- **Exercise prompt**
No pictures go into the copy. Write out exactly the lines below from the one containing "[Carta] Xalapa, México" through the one containing "Драйвер для светодиодной".

(Data extracted from a collection)
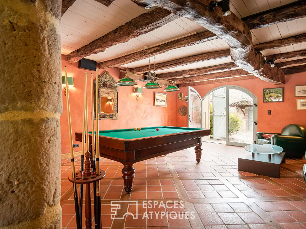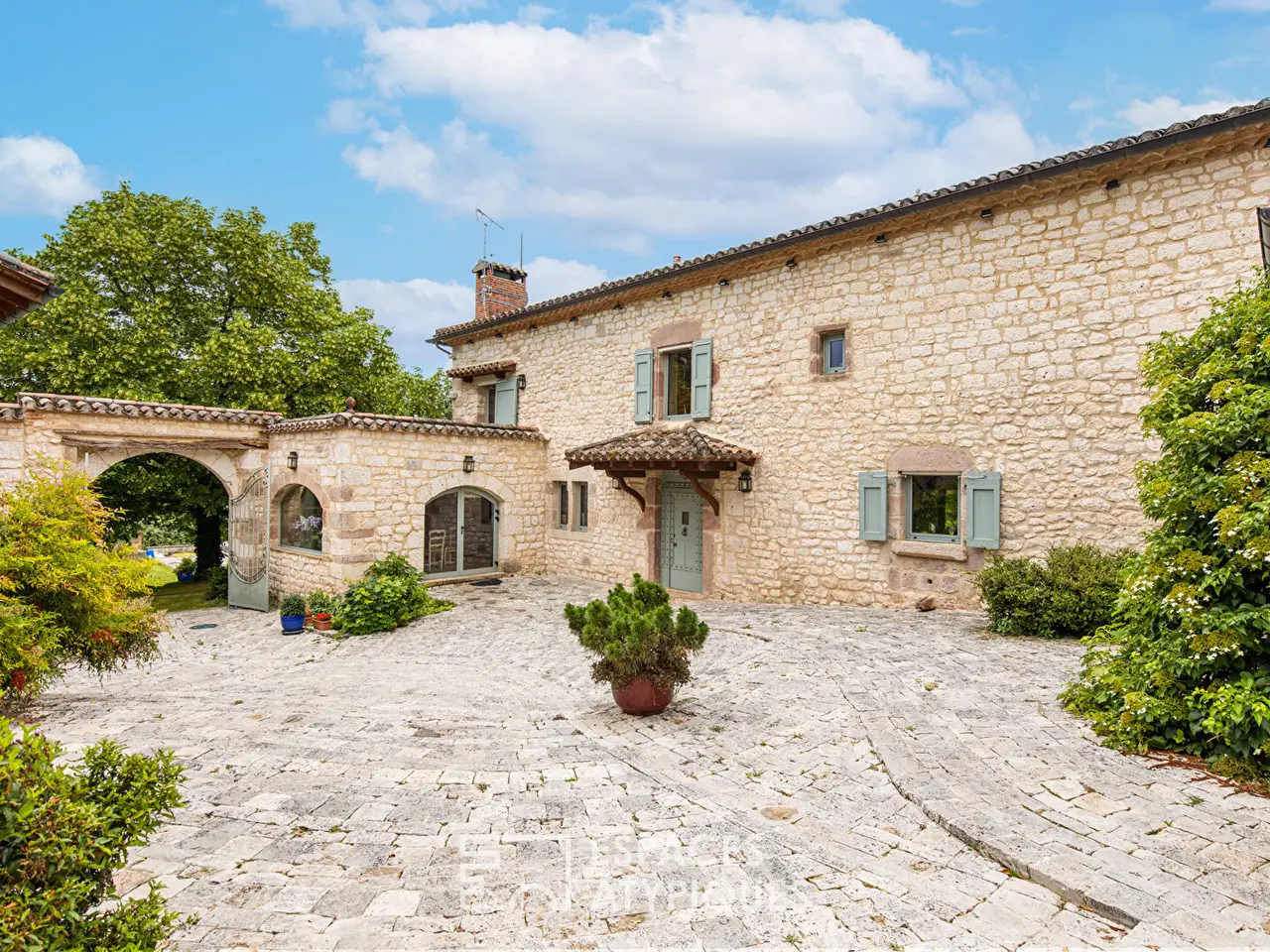 Magnificent estate located in the heart of a natural setting between Gaillac and Cordes-Sur-Ciel, offering perfect harmony between old charm and modern comfort. The estate is built around a courtyard paved with Lot stone, offering an authentic and welcoming atmosphere. It is divided into several dwellings and outbuildings. The main house of 220sqm on two levels, consists on the ground floor of a kitchen with period charm with open fireplace and exposed stonework, preserving the historic character of the place. Then comes a large living room with an imposing central fireplace and a Virac stone staircase, the real centerpiece of this space. The floor is split in two: on one side is the parental space with a bedroom, a dressing room and a bathroom. On the other side of this floor, two additional bedrooms with a connecting bathroom, one of which has access to a private terrace. Opposite the main residence is a second dwelling of more than 70 sqm, ideal for welcoming guests or for rental use. This house consists, on the first level, of a beautiful living room with a large fireplace, a separate kitchen, a bathroom and a bedroom. Upstairs, a large attic floor, where space has been created for two children's bedrooms, which also has a bathroom. Adjoining this home, a room of more than 60sqm on the ground floor, which could be suitable for a cinema room or a meeting room. Above the latter, there is a space of more than 70sqm, currently used as an office with a water point. Ideal for people developing their professional activity from home. Multiple outbuildings complete this exceptional place, such as a garage that can accommodate six cars, a veranda, with a room of 12sqm. The park is not to be outdone with more than five hectares, made up of orchards, truffle oaks, meadows and woods, as well as the swimming pool nestled in the heart of this bucolic environment. Many spaces can be reorganized according to your projects, whether it involves family reunion or the development of tourist activities. Cordes Sur Ciel: 14 min Gaillac: 20 min Toulouse: 50 min 12 x 6 swimming pool, salt, liner Underfloor heating, air/water heat pump radiator fireplace Double glazing electric shutter ENERGY CLASS: C / CLIMATE CLASS: A Estimated average amount of expenses annual energy costs for standard use, based on energy prices for the year 2021: between 1,910 euros and 2,650 euros REF. 6229 Additional information * 11 rooms * 7 bedrooms * 4 bathrooms * Outdoor space : 50000 SQM * Property tax : 2 146 €
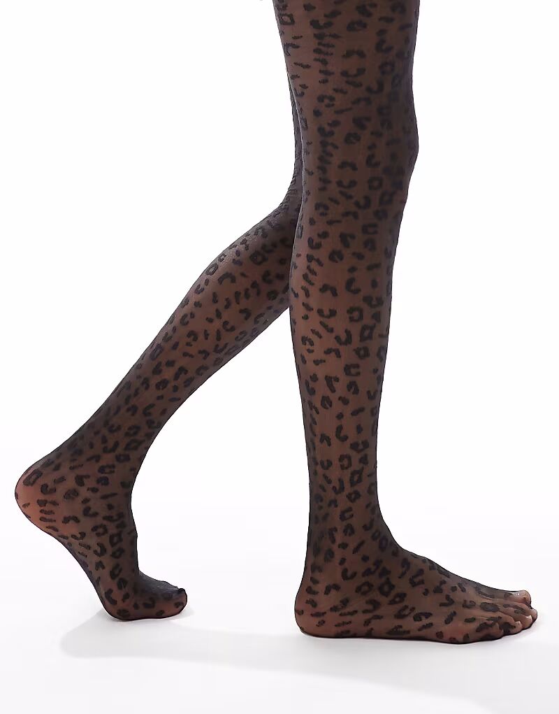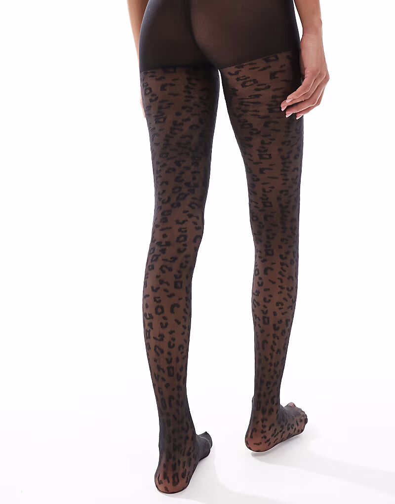 Черные колготки с леопардовым принтом ASOS DESIGN
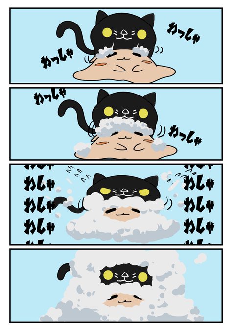 4コマ漫画。ねこシャンプー。 #4コマ漫画 #漫画が読めるハッシュタグ
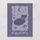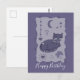 Send a little magic with this cute, artistic folk art - happy birthday - postcard. Featuring a peaceful, sleeping cat adorned with delicate heart and leaf patterns, this design sits under a celestial canopy of stars and a crescent moon.
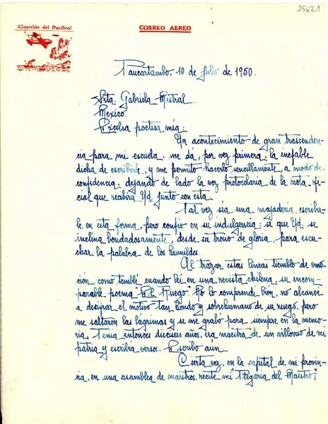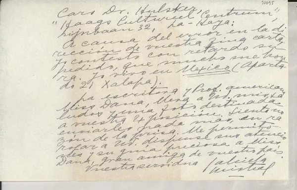[Carta] Xalapa, México [al] Dr. Hulsker, La Haya, [Holanda] [manuscrito] Gabriela Mistral.
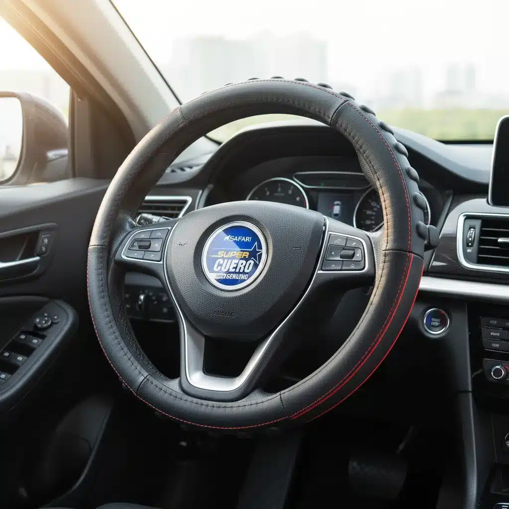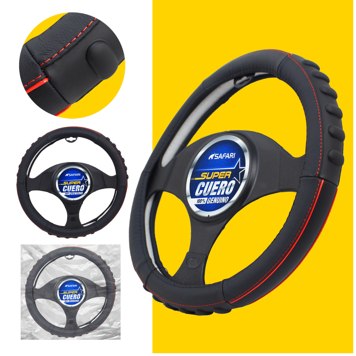 Transforma la experiencia de conducción con el CUBRE VOLANTE CUERO GEN NEGRO DETALLES ROJOS - SFW2201BK/RD de la marca Safari. Este accesorio no solo ofrece una estética elegante y moderna, sino que también proporciona un agarre cómodo y seguro, ideal para quienes buscan mejorar su control al volante.
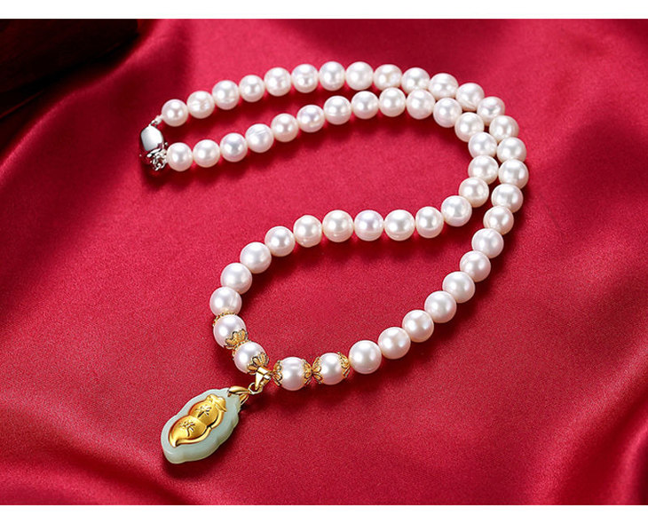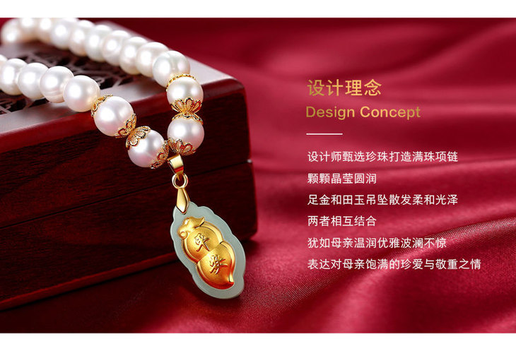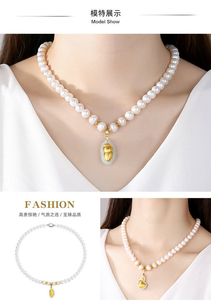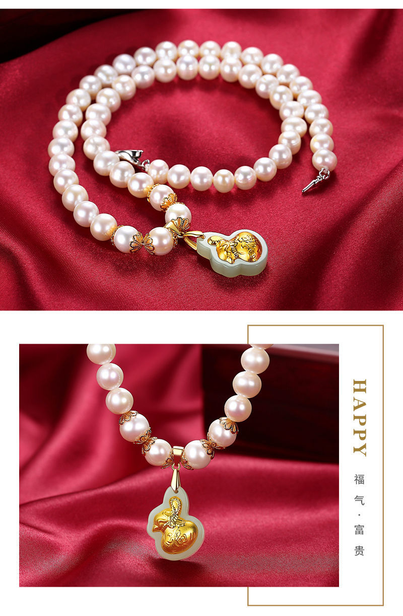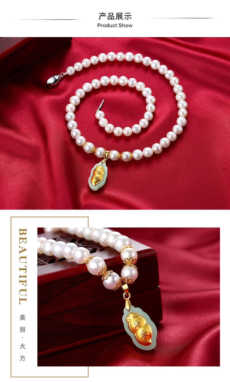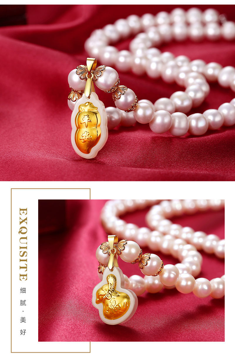 TZW-龙凤伴侣淡水珍珠项链足金镶和田玉母节送妈妈婆婆生日礼物
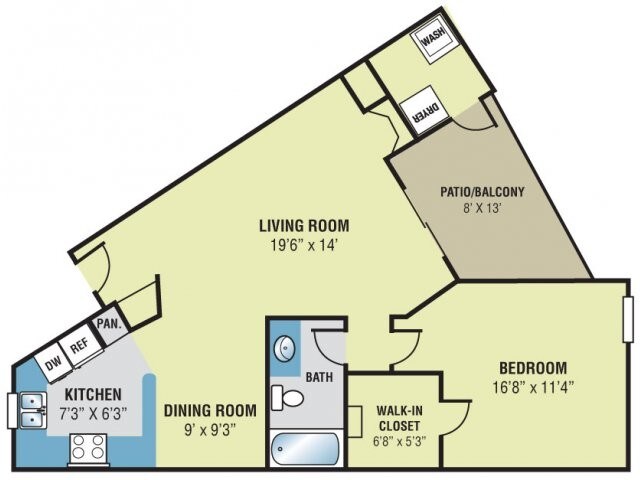 Modelo de apartamento: The Oak$8581 Dormitorio, 1 Baño, 677 sq ftDisponible AhoraPlanosFotos![]()
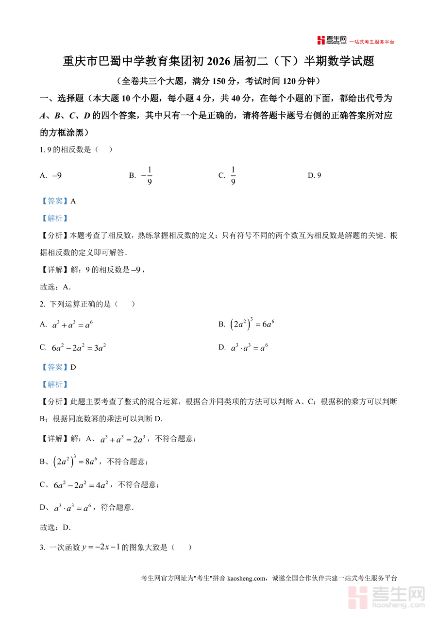 该资料核心用途助力学生巩固期中高频考点与提升解题能力;使用场景涵盖学生自测后的错题分析、教师课堂例题讲解及作业设计参考;用户价值体现在让学生熟悉巴蜀集团命题风格(如强调知识点综合应用),掌握同类题型解题技巧;备考优势是解析中提炼常见解题模型(如一次函数行程问题分段函数模型),能有效提升应试能力,降低答题失误率。
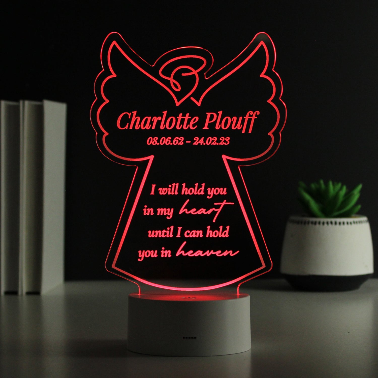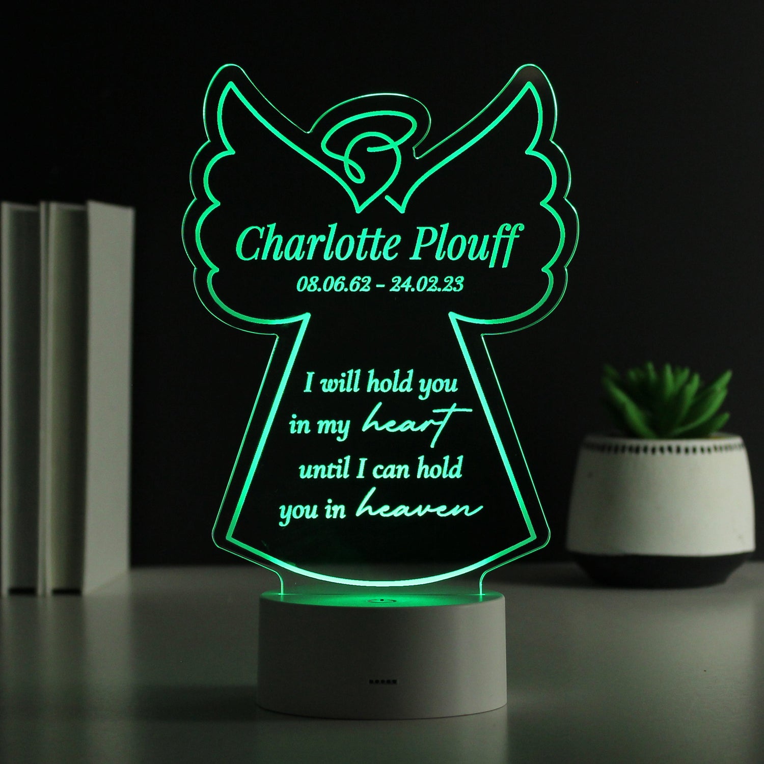 Commemorate a loved one with this personalised angel memorial LED light. This colour changing light features a touching verse: I will hold you in my heart until I can hold you in heaven. Personalise it with your own message across two lines of up to 20 characters each.
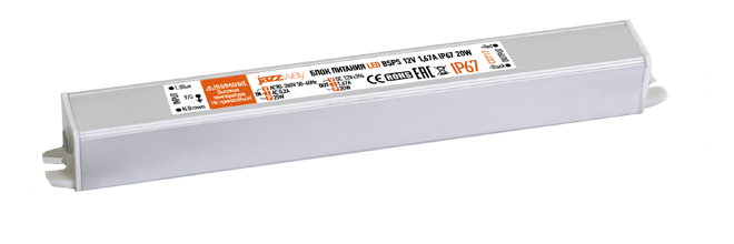 Драйвер для светодиодной ленты LED BSPS 12V1,67A=20W (new) влагозащищенный IP67 | 3329242А Jazzway .3329242A
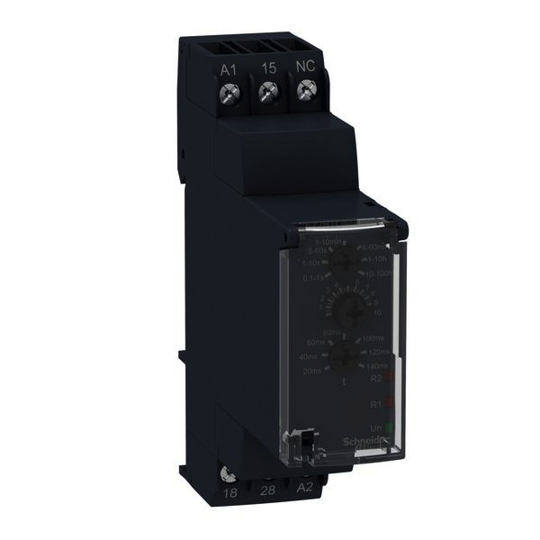 Harmony Time. Elektronisches Zeitrelais zur Steuerung von Automatisierungsanwendungen in Baubreite 22,5 mm zur Montage auf der Hutschiene. Es verfügt über die Zeitfunktion Stern-Dreieck-Anlauf. Der Zeitbereich umfasst 0,1 s - 100 h, sowie 20-140 ms. Am Ausgang schaltet ein Relaiswechsler, der bis zu 8 A belastbar ist. Die Einstellungen erfolgen über Bedienelement in der Front, die unter einer Klarsichtabdeckung gegen Veränderungen geschützt werden können. LED-Anzeigen informieren über den Zustand. Die Versorgungsspannung beträgt 24 VDC/24-240 VAC. Der Leitungsanschluss erfolgt über Schraubklemmen.

- **Response area**
[Carta] Xalapa, México [al] Dr. Hulsker, La Haya, [Holanda] [manuscrito] Gabriela Mistral.
 Transforma la experiencia de conducción con el CUBRE VOLANTE CUERO GEN NEGRO DETALLES ROJOS - SFW2201BK/RD de la marca Safari. Este accesorio no solo ofrece una estética elegante y moderna, sino que también proporciona un agarre cómodo y seguro, ideal para quienes buscan mejorar su control al volante.
 TZW-龙凤伴侣淡水珍珠项链足金镶和田玉母节送妈妈婆婆生日礼物
 Modelo de apartamento: The Oak$8581 Dormitorio, 1 Baño, 677 sq ftDisponible AhoraPlanosFotos![]()
 该资料核心用途助力学生巩固期中高频考点与提升解题能力;使用场景涵盖学生自测后的错题分析、教师课堂例题讲解及作业设计参考;用户价值体现在让学生熟悉巴蜀集团命题风格(如强调知识点综合应用),掌握同类题型解题技巧;备考优势是解析中提炼常见解题模型(如一次函数行程问题分段函数模型),能有效提升应试能力,降低答题失误率。
 Commemorate a loved one with this personalised angel memorial LED light. This colour changing light features a touching verse: I will hold you in my heart until I can hold you in heaven. Personalise it with your own message across two lines of up to 20 characters each.
 Драйвер для светодиодной ленты LED BSPS 12V1,67A=20W (new) влагозащищенный IP67 | 3329242А Jazzway .3329242A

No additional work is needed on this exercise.